Sinatraでデータを修正、更新する(CRUDのUpdate機能)


Rubyでシステムを構築する際に、Railsだとちょっとボリュームが多いので、そんな場合は軽量フレームワークとしてSinatra(PythonのFlaskみたいなもの)というものがあります。

そして、色々と使い方を解説したページや記事もあるのですが、なぜかデータの修正、更新機能については触れていないことが多く、それではどうやって作るのかをひたすら調べ、ようやく解決したので、備忘録として置いておきます。

まずは、この記事(自分とは別人です)のように登録機能と削除機能を作ってみてください。自分の記事はそこから補足説明となります。

なぜ、データ修正機能の記事が殆どないのか?

日本語サイトでもほとんど見つからなかった上に、MVCの観点を鑑みて、全ての機能を懇切丁寧に解説しているものは皆無だったので、英語サイトも隈なく探してみたのですが、そういったサイトは見つかりませんでした(この記事を作ろうとしたきっかけです)。

その理由は明白で、SinatraはRailsとは異なりコントローラの自動生成が簡単にできない上にRailsと記述が若干異なります。その上、公式ページの解説がかなり不親切なので、実際に機能作成を行った事例が少なく、またそのような例もコントローラ部分の解説にとどまっていることが多く、テンプレート周りの記述事例がほとんどありませんでした。

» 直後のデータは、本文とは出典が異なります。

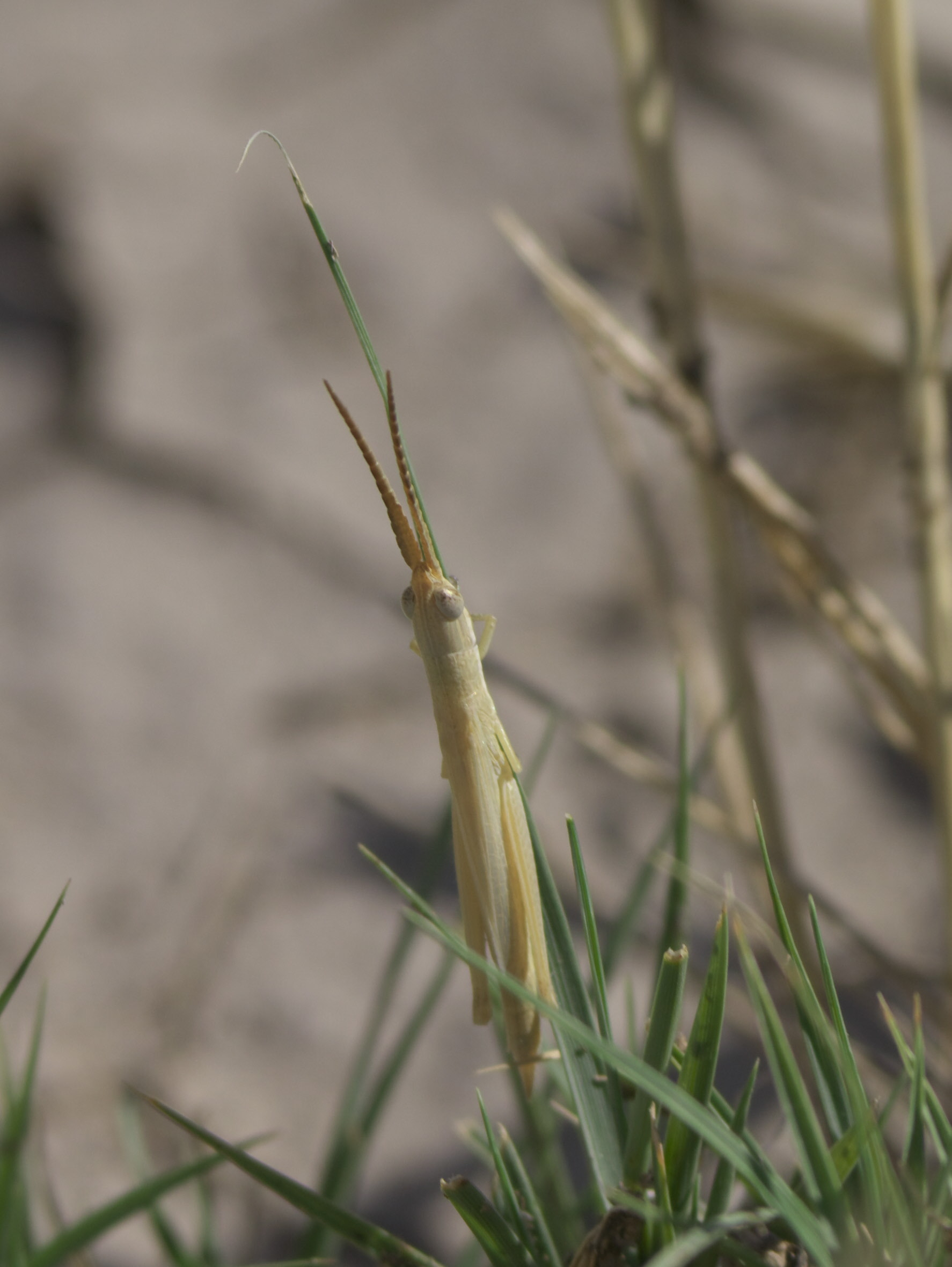 Paropomala wyomingensis, Wyoming Toothpick Grasshopper, ID Confidence: 88

また、普通にサーバ起動してからデータ更新処理を行うと、処理がもたつきます。したがってRackサーバを使って立ち上げる方が能率的なのですが、そもそもSinatraは軽量が売りでありそこまで大掛かりなものは作らないので、利用目的としては矛盾している(実用的価値が少ない)のもありそうです。このへんも踏まえて解説できたらと思います。

ツリー構造

最低限のデータ構造はこうなっています。Rackを使うので、そのためにはconfig.ruが必要となります。config.ruは自動生成されないので、適宜作成します。

- 任意のプロジェクト名
    - db
       sindb.db #今回使用するDB 
    - public
    - vendor
    - views
        edit.erb  #編集用
        index.erb #リスト
    config.ru #Ruckの設定ファイル
    app.rb #コントローラ

Rackの設定

Rackサーバの設定はconfig.ruで行います。色々記事がありますが、最低限これだけ必要です。

config.ru
require './app' #コントローラ
run Sinatra::Application

また、Rackサーバの起動コマンドは以下の通りとなります(ローカルサーバ接続)。また、rackのデフォルトポートは9292となるので、sinatraと同じように4567にしています(bashを使ってbundle execを省略した場合、rackupコマンドで起動可能)。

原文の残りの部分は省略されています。